A term I used to describe those who were against us campaigning for marriage equality who are transphobic and also discriminate against my disability who tried to be the gatekeeper of my degree and if I refuse to change my CSU BTH study plan or speak up about it they attack me to the point of making threats of getting me cut off from completing my degree…
On 8 February 2023 Ms Rumball responded to the Applicant as follows:
Hello Rev
Thank you for your email. Your last complaint to the University Ombudsman was made on 08 March 2022 and following an investigation into your allegations, a notice of outcome, outlining the findings of this investigation was provided to you on 11 April 2022. Your allegations were not substantiated.

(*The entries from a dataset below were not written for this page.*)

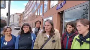 Schulleiter für Aufklärung mit Bianca Höltje am 23. Mai 2021 vor dem ARD-Hauptstadtstudio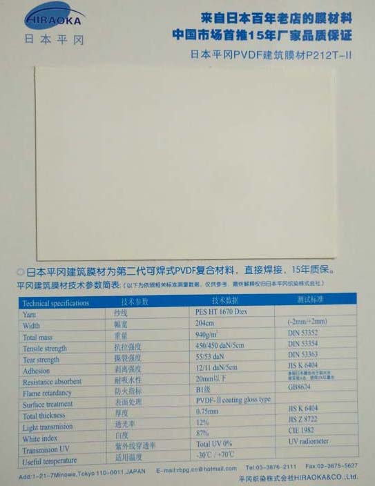 日本平岡建筑膜材,全球高端膜材中的佼佼者,具有超自潔性和超耐久性,15年廠家品質(zhì)保證。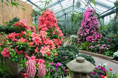 Zum Start ins Frühjahr wird es auch in der historischen Gewächshauszeile der Wilhelma von Tag zu Tag bunter. Nachdem die Kamelien schon seit Ende Januar für eine bunte Augenweide sorgen,stehen nun die Azaleen in voller Blüte. Ihr Farbspektrum reicht von zartem Weiß über Pastellrosa bis hin zu knalligem Pink.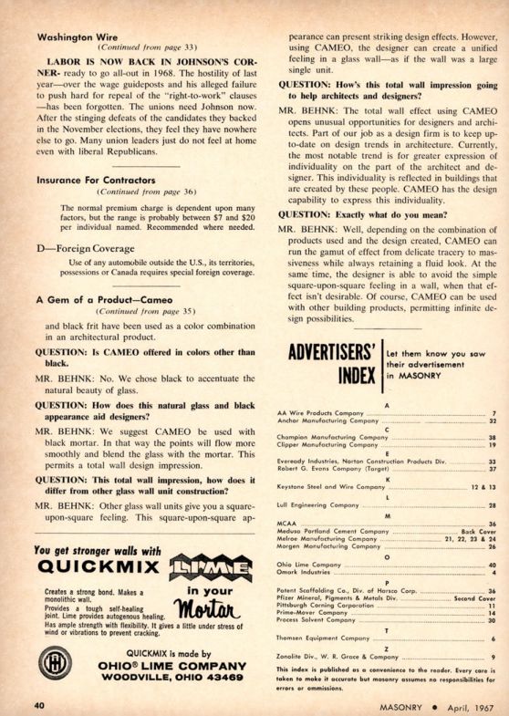 This index is published as a convenience to the reader. Every care is taken to make it accurate but masonry assumes no responsibilities for errors or ommissions.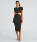 You've got knit on the mind. show off in a midi dress that stuns! The dress features a crew neckline. short sleeves. a knot accent at the center with dual cutouts at the waist. and a midi-length silhouette that is accented with a high side slit. The dress is composed of a cotton knit fabric that offers a form-hugging fit with a moderate stretch. Complete look with mules and a clutch.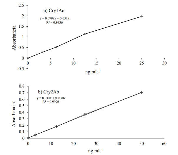 Cuadro 2 Concentraciones y mediciones de absorbancia para las proteínas Cry1Ac y Cry2Ab.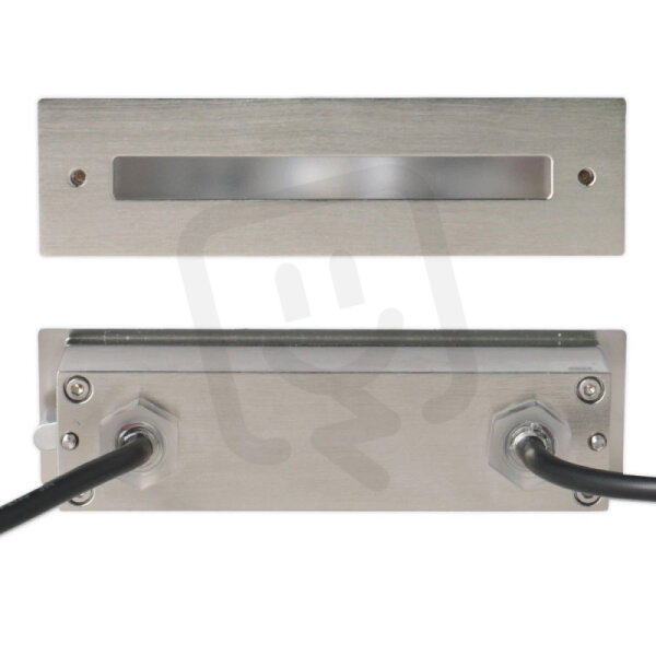 Lineární LED světlo na zábradlí, hliníkové pouzdro. Vhodné pro madlo o rozměrech > 45x45 mm a tloušťce stěny 0,8-3 mm. Dva kabely 20 cm, jeden s vidlicí a maticí a druhý se zásuvkou bez matice.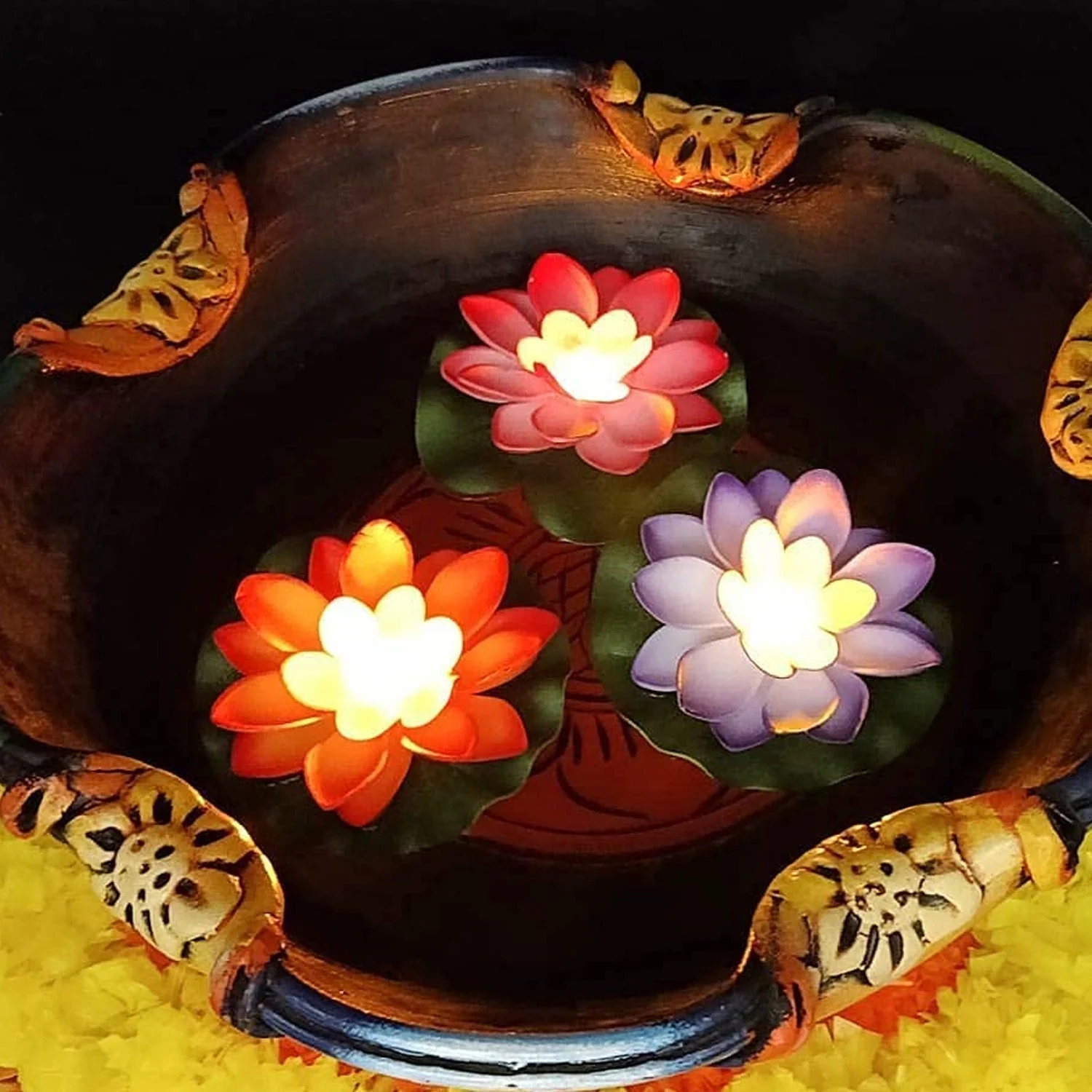 6556 Water Floating Smokeless Candles & Lotus Flowers Sensor Led Tealight for Outdoor and Indoor Decoration - Pack of 6 Candle Lotus diya (Pack of 6) (Diya, Divo, Diva, Deepak, Jyoti)

As outlined in my earlier email, to date, you have made many allegations against the University and its staff yet failed to provide any evidence to support your allegations. Your email to me below continues to make allegations without supporting evidence.
I urge you to read my email to you dated 06 February 2023 that contained important information in relation to your concerns and how to raise these concerns appropriately.
As I have advised in my earlier email, the University's Bullying, Discrimination and Harassment Prevention Policy specifically clause (19) that states that bullying behaviours may include but are not limited to "repeatedly criticising or making comments intended to discredit or undermine a person or devalue their work." Further to this you have obligations under the Student Charter to behave in a manner that demonstrates respect and tolerance by treating others with courtesy, dignity and respect. Your continued allegations against university staff without supporting evidence do not demonstrate courtesy, dignity or respect.
Should you continue to make these allegations without supporting evidence your correspondence will be referred to Student Misconduct without further notice.
The Applicant submitted that the letter of 6 February 2023 from Ms Rumball unfairly threatened him with misconduct proceedings and had the effect of preventing him from being able to access any support. He also submitted that because Joanne Stokes sent the emails cancelling the subjects, she was the one who was cancelling the subjects.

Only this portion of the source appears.